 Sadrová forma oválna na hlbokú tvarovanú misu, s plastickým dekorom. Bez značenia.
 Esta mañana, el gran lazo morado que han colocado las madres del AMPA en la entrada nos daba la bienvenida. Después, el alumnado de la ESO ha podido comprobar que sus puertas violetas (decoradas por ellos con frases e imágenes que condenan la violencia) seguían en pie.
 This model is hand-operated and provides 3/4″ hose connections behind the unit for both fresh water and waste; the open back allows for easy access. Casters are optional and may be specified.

...

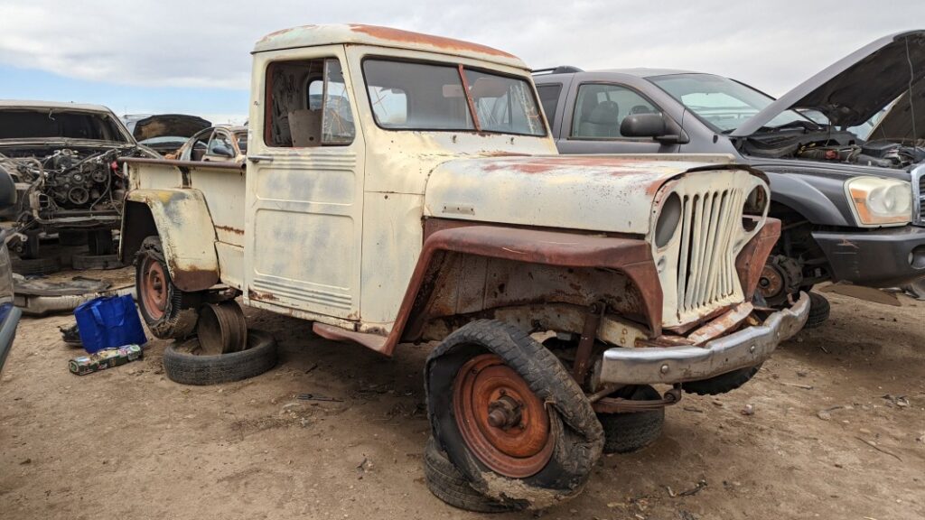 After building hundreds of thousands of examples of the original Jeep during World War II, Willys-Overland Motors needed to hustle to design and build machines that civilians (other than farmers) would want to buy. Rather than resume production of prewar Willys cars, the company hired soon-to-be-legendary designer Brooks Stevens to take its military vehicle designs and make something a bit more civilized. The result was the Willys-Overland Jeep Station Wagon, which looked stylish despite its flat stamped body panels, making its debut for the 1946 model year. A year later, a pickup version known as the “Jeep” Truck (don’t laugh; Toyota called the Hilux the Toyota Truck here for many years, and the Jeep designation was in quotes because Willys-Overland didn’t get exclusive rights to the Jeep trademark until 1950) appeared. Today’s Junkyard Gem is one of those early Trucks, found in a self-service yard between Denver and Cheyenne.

**EXERCISE REQUIREMENTS**
What you return must be an exact retyping of the lines above starting at the line with "Sadrová forma oválna" and ending at the line with "This model is", and nothing besides.

**RESPONSE TO THE EXERCISE**
 Sadrová forma oválna na hlbokú tvarovanú misu, s plastickým dekorom. Bez značenia.
 Esta mañana, el gran lazo morado que han colocado las madres del AMPA en la entrada nos daba la bienvenida. Después, el alumnado de la ESO ha podido comprobar que sus puertas violetas (decoradas por ellos con frases e imágenes que condenan la violencia) seguían en pie.
 This model is hand-operated and provides 3/4″ hose connections behind the unit for both fresh water and waste; the open back allows for easy access. Casters are optional and may be specified.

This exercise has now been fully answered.